The Relationship and Differences Between Type I and Type II Virtualization

Virtualization can be thought of as “building a house”:

Type I (Bare Metal) directly builds a “virtualization layer” (Hypervisor) on the “foundation”—the bare metal hardware, and then treats each operating system as a “tenant”. There is no “landlord”; the house is directly on the foundation, providing the best performance. Typical representatives include: VMware ESXi, Xen, KVM.

Type II (Hosted)

first lays down a “landlord”—the host operating system, and then builds the “virtualization layer” on top of this layer, where the tenant OS can only reside on the second floor. The house has an additional layer between it and the foundation, resulting in slightly lower performance, but it can leverage the host OS’s drivers and toolchain for simpler deployment. Typical representatives include: VMware Workstation, VirtualBox, Parallels.

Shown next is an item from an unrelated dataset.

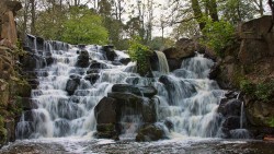 cascade - (of water) pour downward rapidly and in large quantities

Relationship: Both use a Hypervisor to partition hardware resources, allowing multiple operating systems to share the same machine.Differences:

  1. Layer Level: Type I operates directly on hardware; Type II operates within the host OS.

  2. Performance: Type I is close to native; Type II has an additional layer of scheduling, resulting in slightly higher overhead.

  3. Usability: Type I requires specific drivers and tools; Type II can utilize the host ecosystem, making it ready to use upon installation.